Ephemera with education themes include 1838 speeches on the importance of education and in support of an education lottery in Alton, Illinois, and a number of nineteenth-century Yale University commencement programs and other student leaflets. The fund-raising leaflet, "Education Among the Freedmen," published by the Pennsylvania Freedmen's Relief Association, is illustrated by an engraving of "Sea-Island School, No. 1.--St. Helena Island [South Carolina]. Established April, 1862," showing teachers and students relaxing. Noting that fifty dollars would support one teacher for a month, the committee appeals to ministers of every denomination and individuals and clubs in every community to contribute money or volunteer time to the efforts of the Association to send teachers to South Carolina and other southern states. Another leaflet published in Boston in June 1863, reprints May 1863 letters from teachers at St. Helena Island describing their young students as "the prettiest little things you ever saw, with solemn little faces, and eyes like stars." Vacations were a hardship to these children, who were so anxious to improve their reading and writing that they begged not to "be punished so again." Voluntary contributions from various organizations aided fourteen hundred teachers in providing education for 150,000 freedmen.
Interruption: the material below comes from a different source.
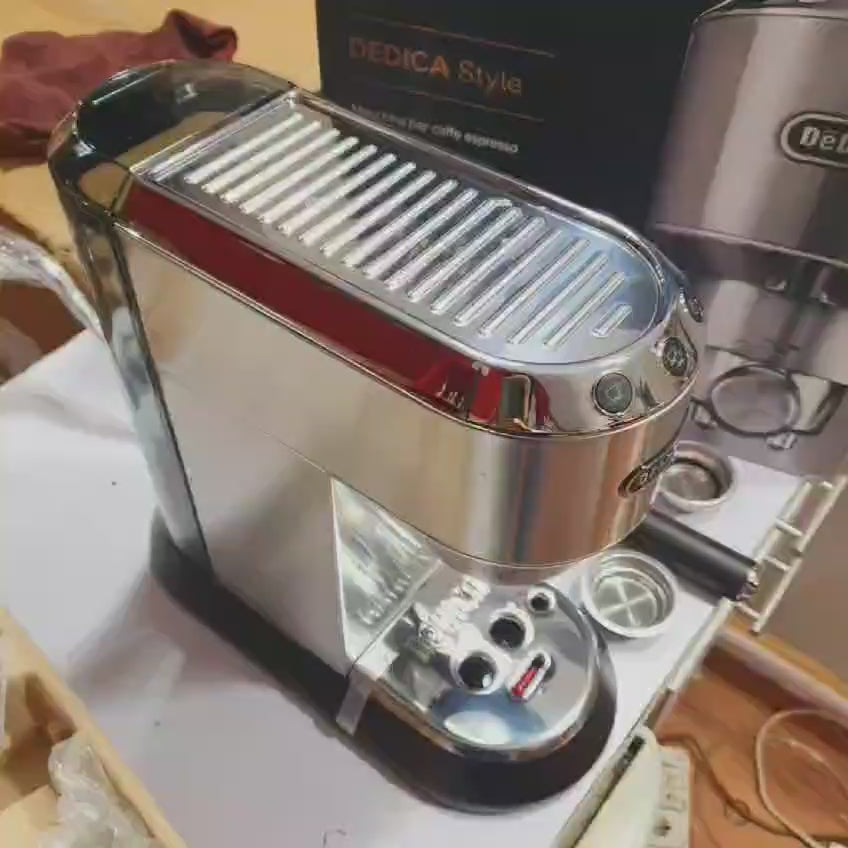 Stylish and compact coffee machine designed to complement your kitchen worktop. With its stainless steel body and shiny metal finish, the Dedica espresso maker adds a touch of authentic Italian design to any kitchen. Enjoy a rich, smooth Espresso and use the Adjustable Cappuccino System to steam milk or finish your coffee with creamy milk foam.
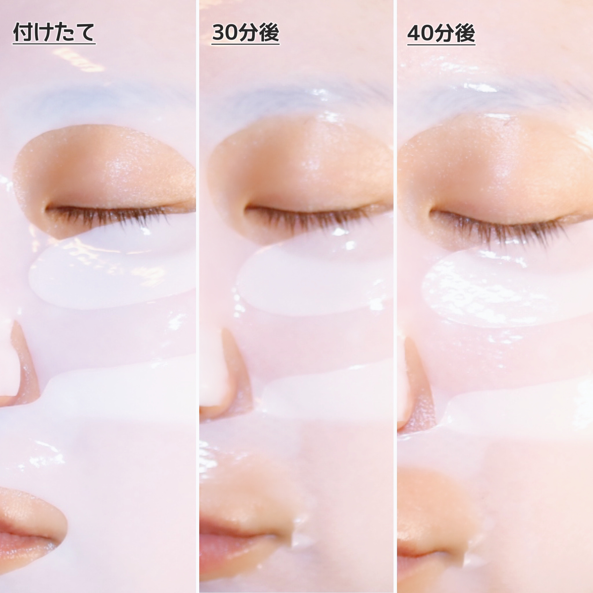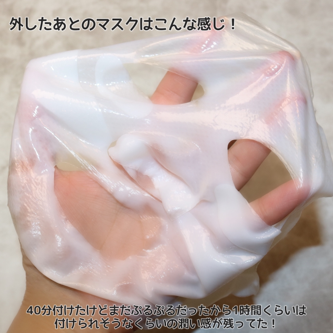 20〜40分しっかりとつける、ぷるんぷるんのマスクパック! マスクの美容成分が吸収されると透明に変わっていく✨ 長時間つけていてもズレにくく、密着力もまぁまぁ◎ 私の顔の形のせいなのか、頬やおでこにはピタッとついたけど、鼻や眉間はどうしても浮いちゃって、シートがなかなか透明にならなかった💦 ベタつきもなく、使用後はぷるんとした感じがあってスペシャルケアにいいかな💕

The beginnings of collegiate intermural sports in Massachusetts is captured in the 1859 "Amherst Express. Extra." that covers contests between Williams and Amherst colleges in baseball and chess. Obviously gloating over Amherst's victories both in, "Muscle and Mind!!," the reporter offers the hope that such encounters will excite a deeper interest "in those amusements, which, while they serve as a relaxation from study, strengthen and develop body and mind." Instruction of quite another sort is described in an 1869 advertisement of "The First Gymnacyclidium for Ladies and Gentlemen," in the Apollo Building, on the corner of 28th and Broadway in New York City. Billed as the Grand Velocipede Academy, containing over 8,000 square feet for riding, with galleries seating 1,500 people, the proprietors offer lessons in bicycle exercise, competitive races, and expert exhibitions and amusements. Other advertisements offer a variety of goods and services including patent remedies for pain and a litany of common complaints, groceries and dry goods, meat packing, wool carding, shingle making, gold and silver plating, and real estate, especially western farm land being sold by railroads and other entrepreneurs.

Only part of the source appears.